BEGIN
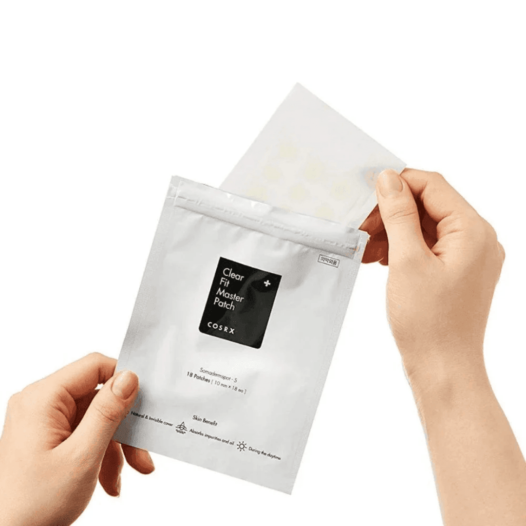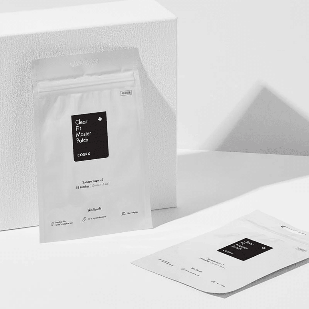 COSRX Clear Fit Master Patch is a thin, clear hydrocolloid patch that heals acne discreetly under makeup or on bare skin.
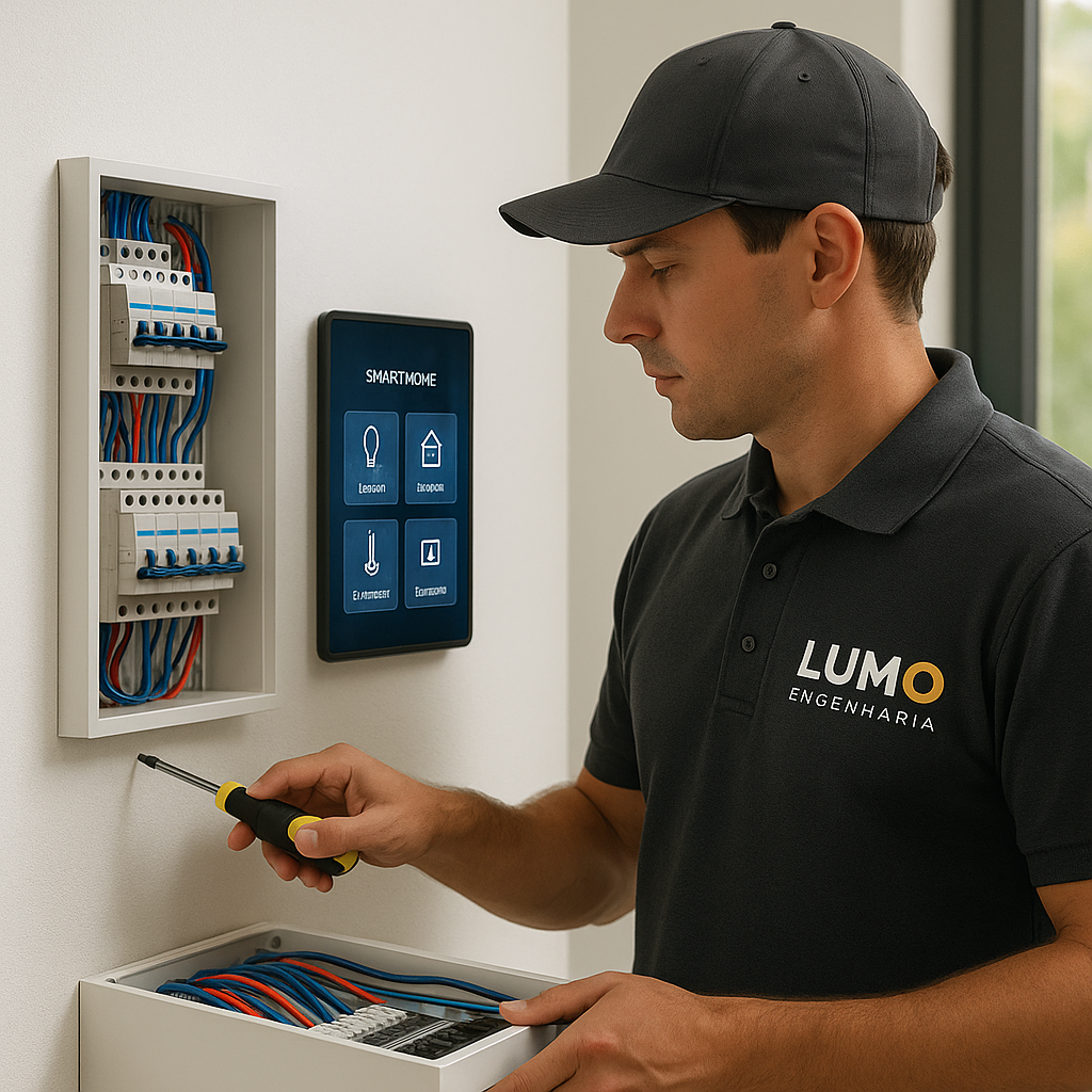 Sua energia em boas mãos. Somos especializados em instalações elétricas, automação residencial e industrial, e energia solar. Nossa equipe altamente qualificada e experiente garante soluções eficientes e seguras para sua casa ou empresa. Conte conosco para iluminar o seu caminho rumo ao futuro sustentável. Venha brilhar com a Lumo Engenharia!
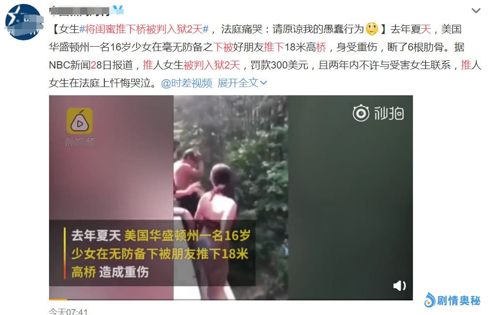 事情的原因是在一年之前,去年夏天的时候,这位女孩被自己所谓的闺蜜把自己的生活全部毁了,当时他们都在桥上玩,虽然穿的非常的暴露,想要去下水,可是在自己毫无防备的时候,闺蜜全部直接把她从18米的桥上推下,在她没有任何准备的前提之下,就直接被自己的闺蜜推下了桥,在当场控诉她的闺蜜的时候,女孩泣不成声,只能由身边陪伴的人把剩下的话说完,少女说自己断了6根肋骨。
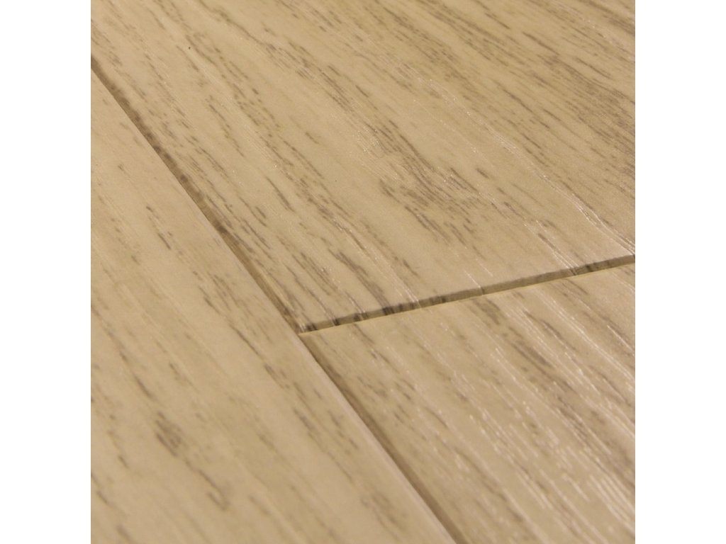 Quick Step IMPRESSIVE laminátová podlaha v deskových formátech 138 x 19 cm je velmi odolná podlahová krytina. Její trvanlivost je zaručena povrchovou vrstvou Scratch Guard. Jednotlivé lamely mají skutečné zkosení, tzn. v zářezu je viditelná i barva, provedení a struktura lamely.
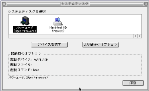 MacOS 8, MacOS 9 のコントロールパネルにある 「起動ディスク」 と何が違うかと言うと、 MacOS がなくても起動出来るような設定も出来るということです。
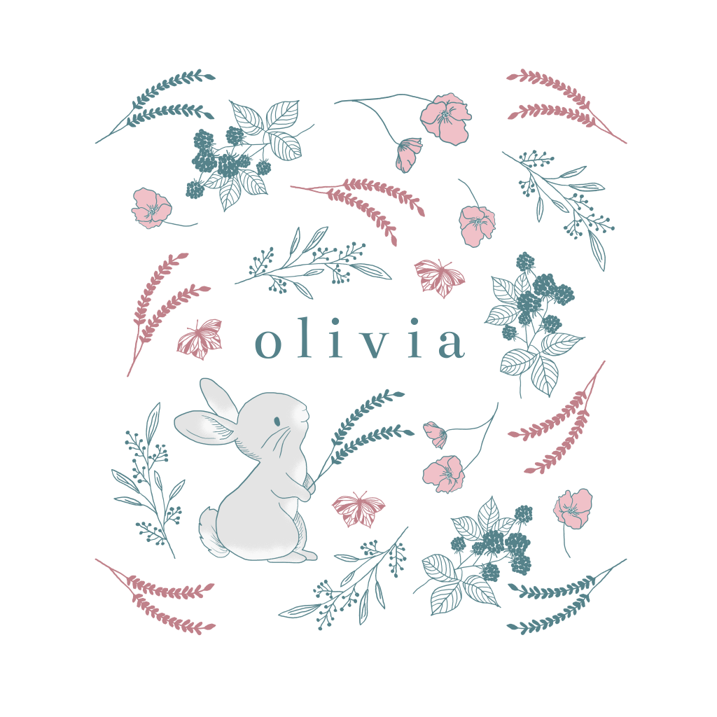 Kondig de geboorte van jullie dochtertje aan met dit lieve kaartje. Op het kaartje staat de tekening van een konijn met daar omheen bloemetjes en takjes in roze- en blauwtinten. Bestel snel een proefdruk om dit kaartje in het echt te zien!
END
WORK TO BE COMPLETED →
When you transcribe the lines above, keep every word exact but leave the pictures behind.

ANSWER AREA →
 COSRX Clear Fit Master Patch is a thin, clear hydrocolloid patch that heals acne discreetly under makeup or on bare skin.
 Sua energia em boas mãos. Somos especializados em instalações elétricas, automação residencial e industrial, e energia solar. Nossa equipe altamente qualificada e experiente garante soluções eficientes e seguras para sua casa ou empresa. Conte conosco para iluminar o seu caminho rumo ao futuro sustentável. Venha brilhar com a Lumo Engenharia!
 事情的原因是在一年之前,去年夏天的时候,这位女孩被自己所谓的闺蜜把自己的生活全部毁了,当时他们都在桥上玩,虽然穿的非常的暴露,想要去下水,可是在自己毫无防备的时候,闺蜜全部直接把她从18米的桥上推下,在她没有任何准备的前提之下,就直接被自己的闺蜜推下了桥,在当场控诉她的闺蜜的时候,女孩泣不成声,只能由身边陪伴的人把剩下的话说完,少女说自己断了6根肋骨。
 Quick Step IMPRESSIVE laminátová podlaha v deskových formátech 138 x 19 cm je velmi odolná podlahová krytina. Její trvanlivost je zaručena povrchovou vrstvou Scratch Guard. Jednotlivé lamely mají skutečné zkosení, tzn. v zářezu je viditelná i barva, provedení a struktura lamely.
 MacOS 8, MacOS 9 のコントロールパネルにある 「起動ディスク」 と何が違うかと言うと、 MacOS がなくても起動出来るような設定も出来るということです。
 Kondig de geboorte van jullie dochtertje aan met dit lieve kaartje. Op het kaartje staat de tekening van een konijn met daar omheen bloemetjes en takjes in roze- en blauwtinten. Bestel snel een proefdruk om dit kaartje in het echt te zien!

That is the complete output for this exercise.